Receiving notes on your screenplay sucks. No screenwriter likes getting them. Or does it suck? Defining Buddhism is perhaps beyond the purview of this article, but the two-second definition of Buddhism is that the path to enlightenment is to cease craving impermanent things. This is also, coincidentally, the path to enlightenment in receiving notes on your screenwriting.

Screenwriting is inherently egotistical. Any good screenwriter has a healthy ego, or perhaps a too-healthy ego. It takes a certain level of hubris to say, “My writing needs to be out there in the world.”

Because of this, receiving notes is painful. Because a note can feel like it means, “You are not a good writer.” This is where accepting, or ceasing to desire, an impermanent thing, like your screenplay, becomes important.

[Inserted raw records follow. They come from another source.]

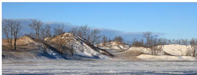
Above: West Lake Dunes, Image 16-0564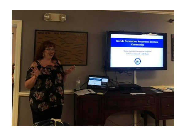
NAMI presented at CC on suicide awareness.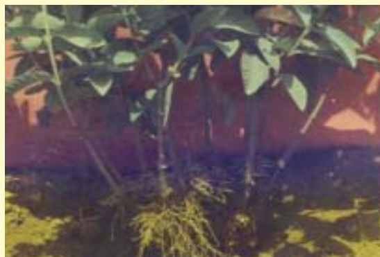
Stooling in guava

prior to their permanent removal from the mother plant. At the time of separation, a few leaves or small shoot is retained. It is also advisable to plant these rooted layers in nursery for close attention than to plant them directly in field. These layers can be planted in the fields during the following year in February-March or September-October.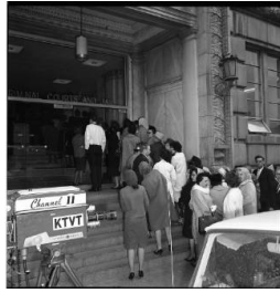
Title: Image of the crowd lined up on the courthouse steps to see the Jack Ruby trial Date: 02/21/1964 Medium: Film Object number: 2004.058.0187.0002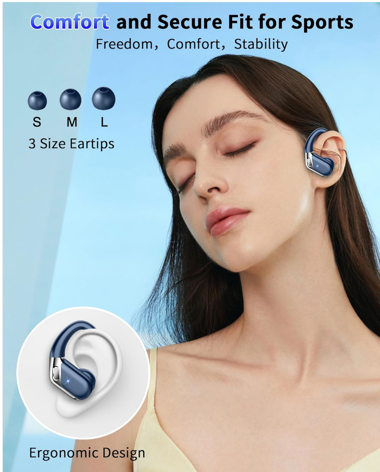
Image showing the ergonomic design of the Matast B02 earbuds with ear hooks and different eartip sizes (S, M, L) for a comfortable and secure fit during sports.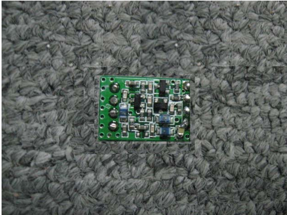
RF Module View#1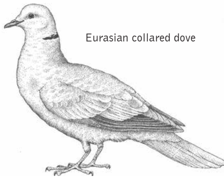
Eurasian collared dove

Possession or use of any lead shot while hunting or attempting to take waterfowl or sandhill cranes is prohibited statewide. Non-toxic shot is required to hunt waterfowl. Most major manufacturers offer non-toxic shotshells. A list of non-toxic shot currently approved by the USFWS can be found at https://go.usa.gov/xSUvE .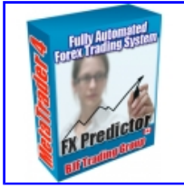
Forex Scalping EA FXPredictor

Buy All our Divergence indicators with Extra Alerts and Hidden Divergence for $990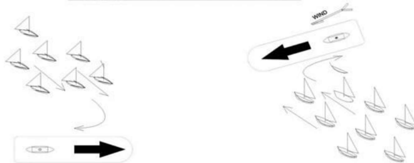
SHIP & FERRY ACTIVATED EXCLUSION ZONE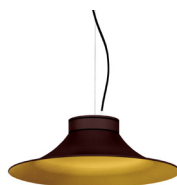
22: RAL8016 Mahogany Brown textured 30: Golden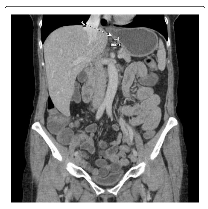
Figure 1b: Figure 1: The next three cycles chemotherapy were given in the same doses but combined with ME/ML, BioBran and WGE and after three months nearly complete remission was observed.

Another 65 years old patient (presented in figure 2) had a ductal mammary carcinoma [T2 N1 (2/14) M0], a tumorectomy was carried out in May 2003, and subsequently six cycles chemotherapy and irradiation (50GY) were adjuvant given. In June 2011 a lung metastasis was established in right segment 6 (S6) by PET/CT scan which was in July 2011 chirurgical removed by tumorectomy. In September 2012 a recidivation of lung metastasis in S6 was established by PET/CT scan. From Oktober 2012 low dose of Xeloda (2500mg/die) was applied and after four cycles the question arose as to whether her lung metastasis is responsive to this chemotherapy. Therefore a CT scan investigation was carried out in March 2013 which did not found any change. From March 2013 the same doses of Xeloda were combined with standardized plant immunomodulators and after the next four cycles in July 2013 a complete remission was established by PET/CT scan. The chemotherapy was stopped and only the immunomodulatory treatment was followed. The last PET/CT control in November 2013 did not find any relapse of her disease and her quality of life is excellent.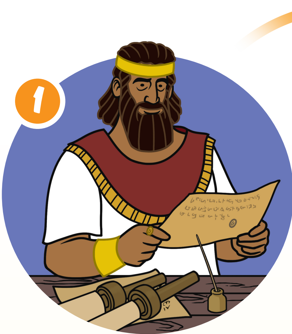
God caused King Cyrus to let the Jews go home.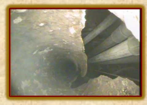
Deteriorated Cast iron pipe prior to lining

"I would like to thank everyone at Flow-Liner who worked with us to successfully complete our pipe lining project. The team was professional, polite, and totally committed to making this solution work."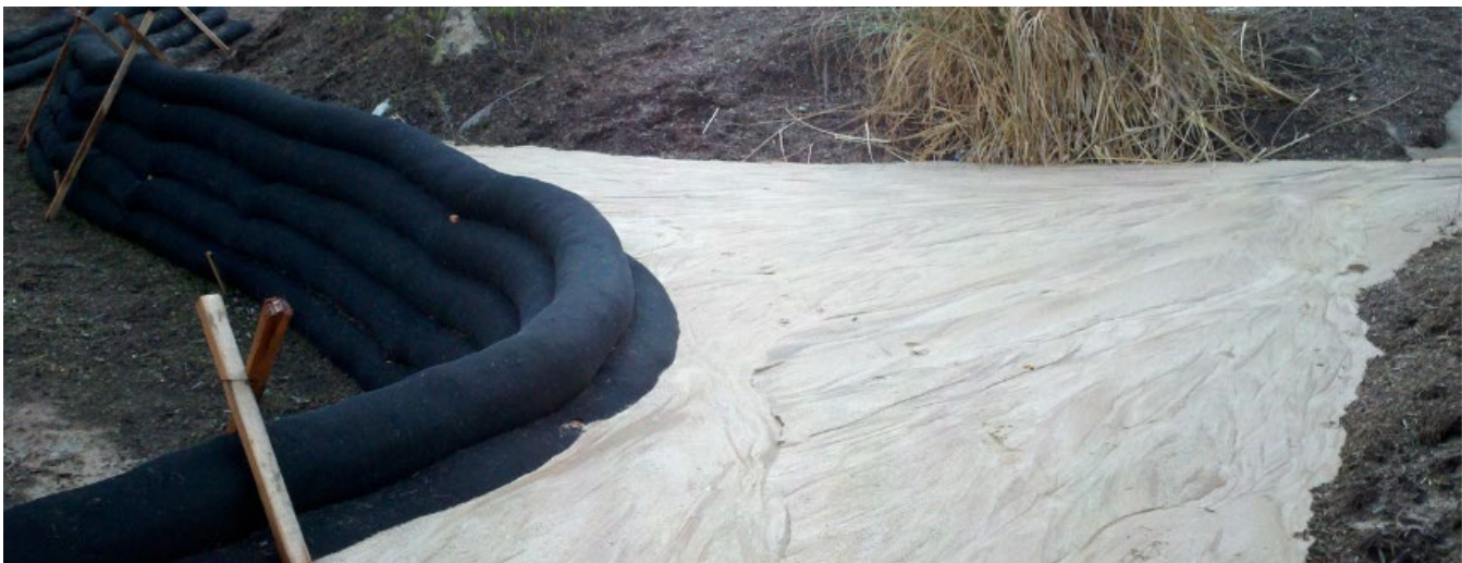
Sediment trap, 12-inch diameter filter socks in pyramid stack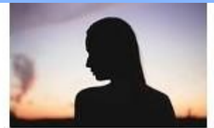
Silhouette of Woman during Sunset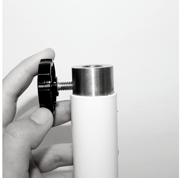
STEP 2 Attach knob to stand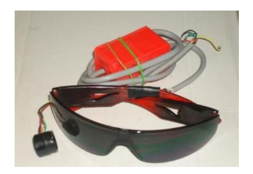
Fig-3: Eye Blink Sensor

This Eye Blink sensor is IR based. The Variation Across the eye will vary as per eye blink. If the eye is closed means the output is high otherwise output is low. This to know the eye is closing or opening position. This output is give to logic circuit to indicate the alarm. This can be used for project involves controlling accident due to unconscious through Eye blink.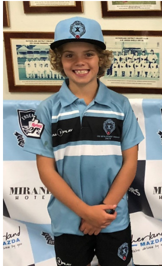
Andrew Hilditch Trophy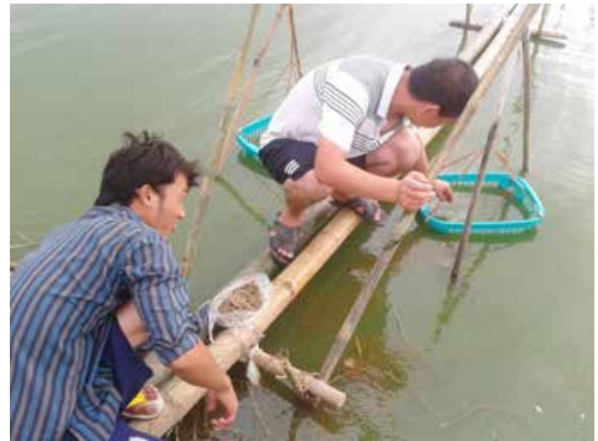
Monitoring fish growth

some difficulties with local conditions - a harsh rainy season and high temperatures in summer. In addition, initially, local labour were not experienced enough to handle the fish and even some breeding tools required for the breeding work needed to be imported from China. Finally, the team managed to successfully produce one million juveniles.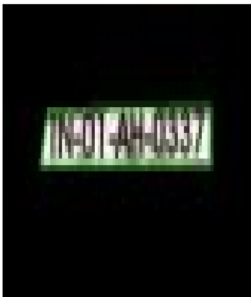
Fig.9) Enhanced number plate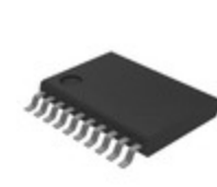
ST3222BTR STMicroelectronics IC TRANSCEIVER FULL 2/2 20TSSOP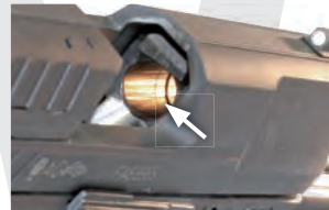
4.6. Fig. 4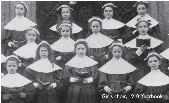
Girls choir, 1910 Yearbook

Book conversation: Tears We Cannot Stop July 2, July 30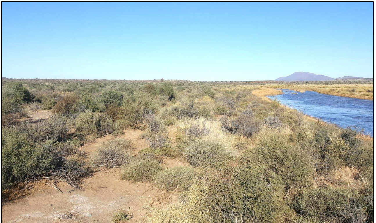
Figure 6. Riparian floodplain vegetation within the Klipkraal 4 site with vegetation that can be considered allied with the Southern Karoo Riviere vegetation type.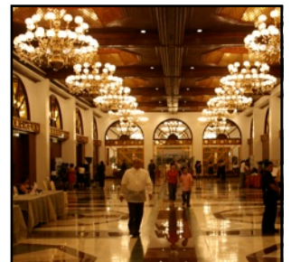
The splendor that is Manila Hotel!

Screenplays are fundamentally impermanent. On your own, you might write five drafts. Once you show the script to anyone, you might write another five drafts. By the time a producer comes onboard, there will be more drafts. If an actor or actress or director or all three join the project, they will have notes and there will be more drafts.

The script for a movie is an ever-changing organism. It’s impermanent. And everyone trying to change it, on a base level, is hoping their changes will improve the film. No one benefits from a bad film. Everyone has the same goal.

This is where a screenwriter can achieve note-taking nirvana. Accept that the script is impermanent. It will change. It must change. The version you love does not actually exist. And you can love the next version and the version after that.

Here’s the best part about approaching notes this way – they start to become fun. Notes are like going to the gym for screenwriters. They exercise your creative muscles. And writers who are great at taking notes will always work.